It should be pointed out, too, that many Americans at least one in six could not give an estimate. Male respondents tend to give lower estimates of both the male and female homosexual population than female respondents do.
Somewhat interestingly, both sexes believe there are more homosexuals in the opposite sex than in their own sex. Before the s, the few representations of homosexuality in popular culture tended to consist of potentially dangerous social deviants think Norman Bates in Psycho. Since then, however, the portrayal of gay characters in pop culture have become far more numerous and mostly positive. That growing representation may have spurred growing acceptance -- and inflated population estimates.
They estimate that gays and lesbians make up 6. Whether increased acceptance of homosexuality has led to an upsurge in the number of positive media portrayals of gay characters or vice versa, one result seems to be that Americans now tend to overestimate the gay population in America.
Subscribe to receive weekly Gallup News alerts.
Demographics of sexual orientation
Never miss our latest insights. Do you think gay or lesbian relations between consenting adults should or should not be legal? As you may know, there has been considerable discussion in the news regarding the rights of homosexual men and women. In general, do you think homosexuals should or should not have equal rights in terms of job opportunities? Do you feel that homosexuality should be considered an acceptable alternative lifestyle or not?
The question of nature or nurture stands at the very center of many complex issues. Why, for instance, do some children perform better on standardized tests than others do?
What causes some Americans to be overweight, while others never gain an ounce? Nowhere is the uncertainty of nature versus nurture more widely discussed than in issues surrounding human sexuality. What do teens think about the possible causes of homosexuality? Americans remain slightly more likely to oppose, rather than favor, formalized civil unions between gay and lesbian partners.
Support for legal same-sex unions is highest among Americans living on the East and West coasts, among Democrats, among those with higher levels of education, and among younger generations. The issue was recently launched back into the news with The New York Times' decision to include commitment ceremony announcements for gay and lesbian partners along with its traditional wedding announcements in its Sunday paper.
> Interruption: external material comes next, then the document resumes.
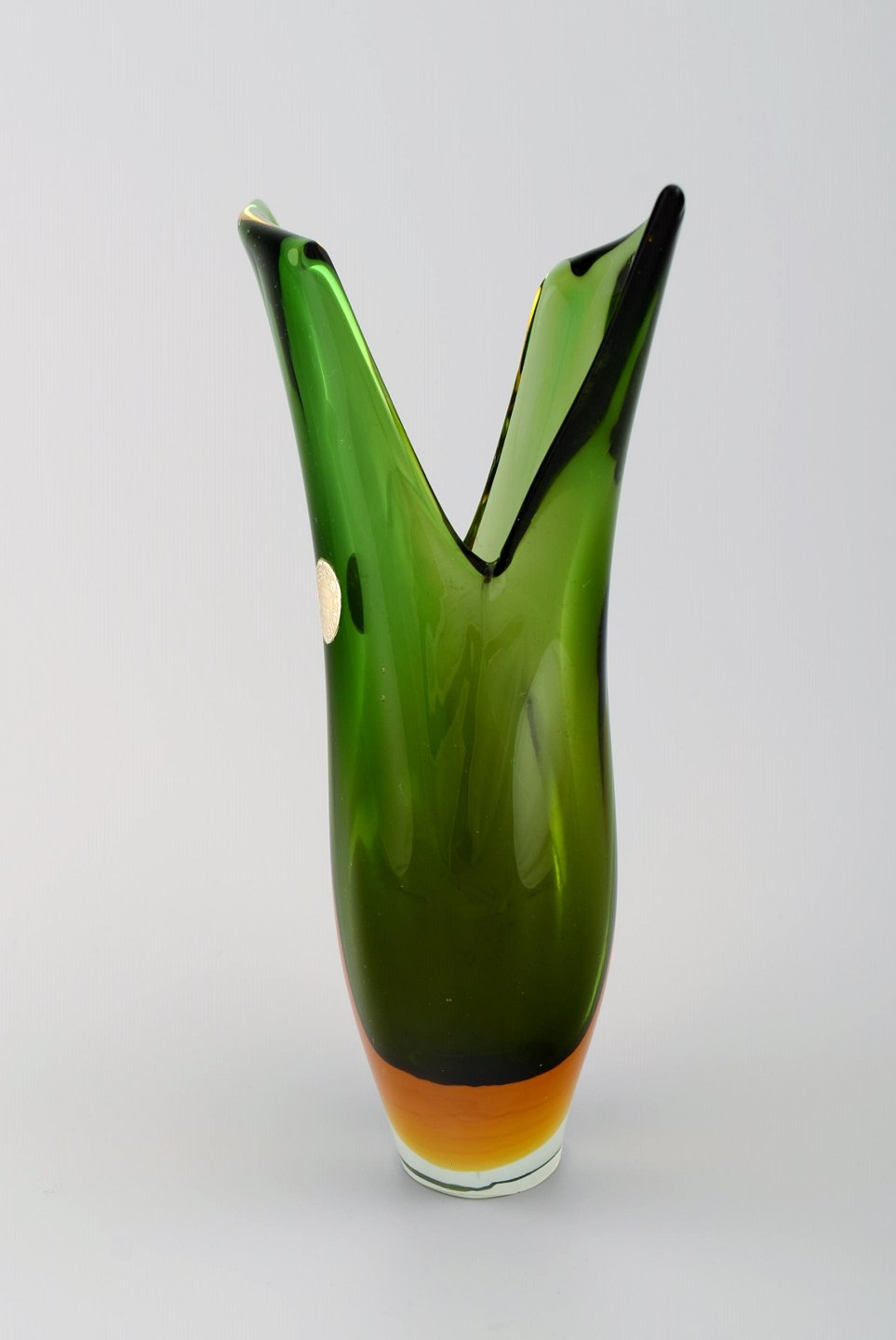 Murano vase in mouth blown art glass. Italian design, 1960s. Measures: 20.5 x 15 cm. In perfect condition. Sticker.

Learn how to solve skills shortage and engagement problems by redesigning career paths and selecting managers with a better method.
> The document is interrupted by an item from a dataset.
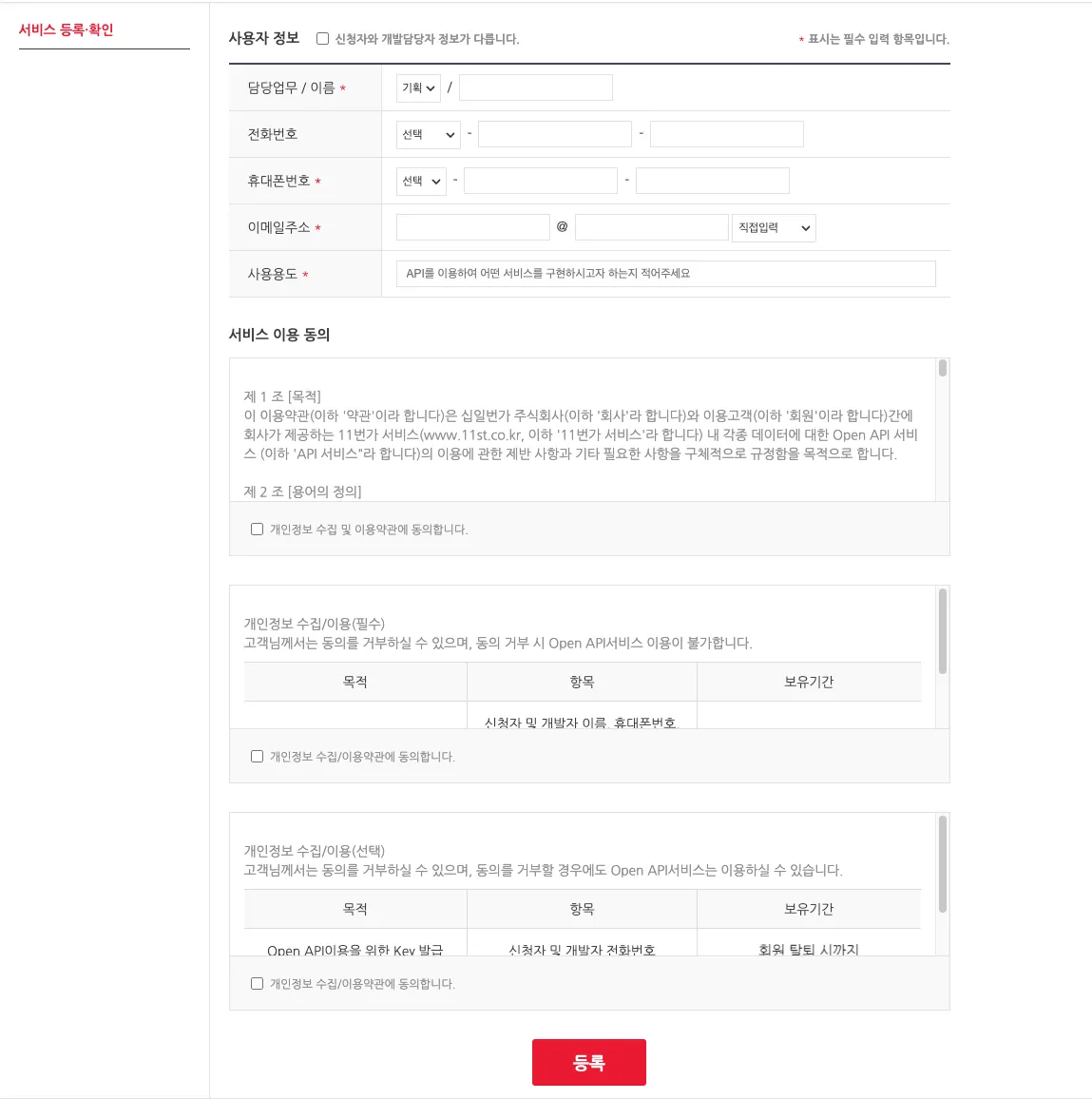 사용자 정보와 서비스 이용 동의 설정하고 등록 버튼 클릭

Census question to show there were same-sex couples in A spokesperson for the census says that at this time they have no plans to add questions about that or gender identity to their surveys, though they are participating in the federal working group. The stated aim was to collect information on cohabiting heterosexual couples, but the question also revealed how many same-sex people who identified as partners were living together and where. Gates mined this data from the Census to produce his geographical analysis, which was celebrated by LGBT people as confirmation that they were a legitimate voting bloc and politicians needed to take their concerns seriously.
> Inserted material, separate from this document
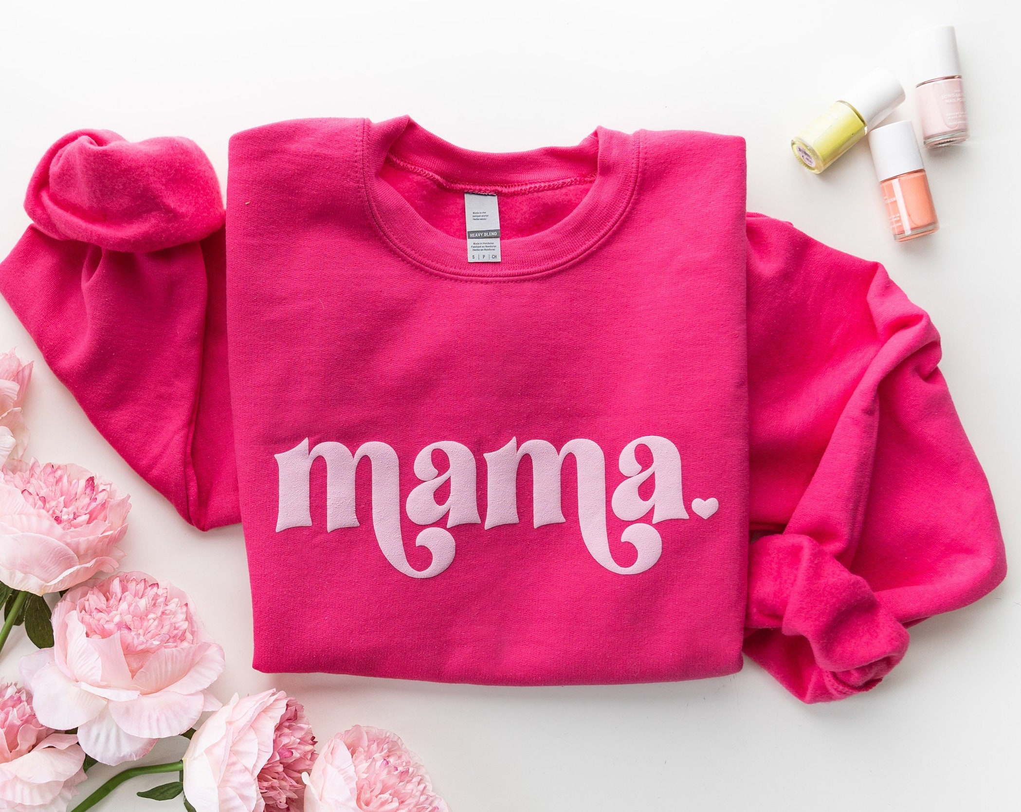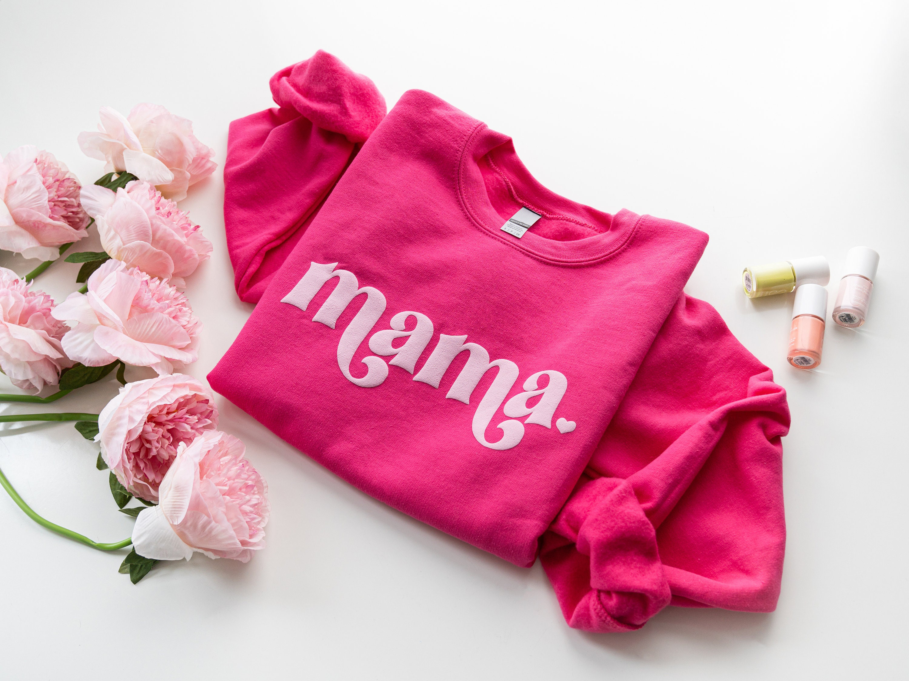 Custom Embroidered Mama Sweatshirt With Kid's Name On Sleeve

Today, many transgender people feel they need a similar affirmation. In heated political battles all over the country—largely over the use of public bathrooms—transgender advocates can be heard making arguments about their very existence that echo ones made by gay and lesbian Americans decades ago. Studies have estimated that anywhere from 0. And having a bigger number matters. In the s, the gay liberation movement was propelled by the still-popular—if not exactly rock solid—statistic that 1 in every 10 people is gay.
1.5% of the UK?
But if one is counting people who say they experience same-sex attraction, that figure can quickly double. Karen Parker, who runs a newly created office at the National Institute of Health that is exclusively dedicated to research on sexual and gender minorities, known as SGM. For instance, her office—which was created because officials noticed health disparities affecting SGM and determined that the area was understudied—cares a lot more about actions associated with health risks than political identities. What data can do. There is no shortage of research to bolster the anecdotal stories of discrimination and outsized hardships LGBT people still experience.
Studies of sample groups have found, for instance, that LGBT people face more barriers to getting healthcare than the general public and that transgender women of color are at greatly increased risk for physical assault. But experts say the true scope of those problems can only be fleshed out by large-scale data collection—and that such information will make it a lot easier to get the resources needed to fix problems like the extremely high rates of poverty experienced by transgender people and gaps in parental rights affecting gay couples with children, particularly if the numbers have the authority of being produced by the government itself.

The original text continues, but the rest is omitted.